Report this review (#34566)
Posted Saturday, March 26, 2005 | Review Permalink
Honorary Collaborator
5 stars Prog by it's nature has it's share of albums that you have to concentrate on to listen to.. to ponder deep meanings it it's lyrics or by bizarre twists and turns in the music. Some times it is fun to just have a prog album to turn up to 11, that makes no pretenses but taking the skill of the musicians and making music that is shear power and plain fun to listen to.

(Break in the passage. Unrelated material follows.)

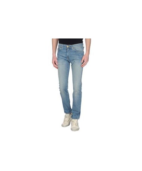 LEVI'S RED TAB Denim pants. denim, solid color, faded effect, mid rise, dark wash, front closure, button, zip, multipockets, logo detail, metal applications, straight leg. 98% Cotton, 2% Elastane

Arrowhead by the guitar/bass/drums trio known as Osage Tribe is just an album. Again, as those who know me know, I am not fluent in Italian yet, so any deep meanings in the lyrics are lost to me unfortunately. Thankfully I've never read of any such thing on this hahha. The vocals are not unpleasing at all.. being that this is a very hard aggressive album you aren't going to find beauiful singing on this. The vocals match to music well. What this album though is known for is dynamic rhythm section of RPI (Rock Progressivo Italiano) bassist legend Bob Callero and drummer Nunzio 'cucciolo' Fava. They propel all 5 original album tracks with power and intensity during the hardest sections yet are able to downshift right into the occasional softer section or the more prodominant jazzy sections where the group really could swing. Guitarist Marco Zoccheddu while not known as an A-list RPI instrumentalist like the other two provides firery guitar lines and even the occasional piano in the jazzier sections.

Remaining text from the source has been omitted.